IFEX-ALC met with the Honduran delegation on 16 March at the United Nations Palace in Geneva. IFEX-ALC reiterates its willingness to assist in any way possible so that the Honduran government can uphold its commitments and fully implement the recommendations.

Even though Honduras recognises that journalists and social communicators are in a vulnerable situation right now and circumstances have not improved, these individuals, as well as human rights defenders, continue to come under attack and under threat. According to the data collected by the Comité por la Libre Expresión (C-Libre), the IFEX-ALC member based in Honduras ( ), one journalist was killed each year from 2006 to 2008. This is the most extreme form of censorship. Subsequently, three journalists were killed between 1 January and 27 June 2009, while 10 were murdered in 2010.

Given the aforementioned, and in conjunction with the commitments the Honduran government pledged to uphold as part of the UPR process, we take note of the fact that:

1. The Honduran government is facing the serious challenge of implementing the precautionary measures put forth by the Inter-American Commission on Human Rights (IACHR). The police and the Public Prosecutor's Office lack the adequate resources and support needed to fully commit to the implementation of these measures.

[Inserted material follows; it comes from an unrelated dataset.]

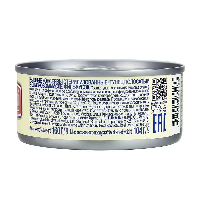 Тунец Federici в оливковом масле, 160г

2. A law on media and community radio stations is pending approval, as there is still no consensus on the wording in the bill. The passing of the law is of extreme urgency as it would help address the legal status of community radio stations operating in Honduras and safeguard their well being.

3. The Honduran government has also faced enormous dificulties in ensuring that promised funds are allocated to the different prosecutor's offices in charge of investigating journalists' assassinations.

We therefore stress that Honduras must:

1. Adopt effective measures so that it can protect journalists, human rights defenders and social communicators. Whenever attacks occur within their jurisdictions, the authorities should carry out effective investigations to identify and sanction those responsible and ensure that no future attacks are committed.

2. Adopt all necessary measures so that the investigation and punishment of human rights violations that took place during the coup d'etat become an essential part of the national reconciliation process.

3. Decriminalise defamation, insult and libel by repealing all relevant articles in the Criminal Code.

4. Establish an independent regulatory body that oversees public transmissions under the Telecommunications Law. The allocation of frequencies should be carried out via a fair and transparent process, based on pre-established criteria that take into account the public interest and diversity.

5. Similarly, the law should stipulate that regulatory entities must adopt a plan for the allocation of radio frequencies to be divided among public, private and community-based radio stations. The government should also adopt certain measures to prevent media concentration.

6. Amend the current legislation so as to explicitly recognise and promote community-based media. Regulations and the licencing process should be adapted according to each media outlet's specific circumstances so that community-based media are not forced to compete with the private sector for transmission and operating licences.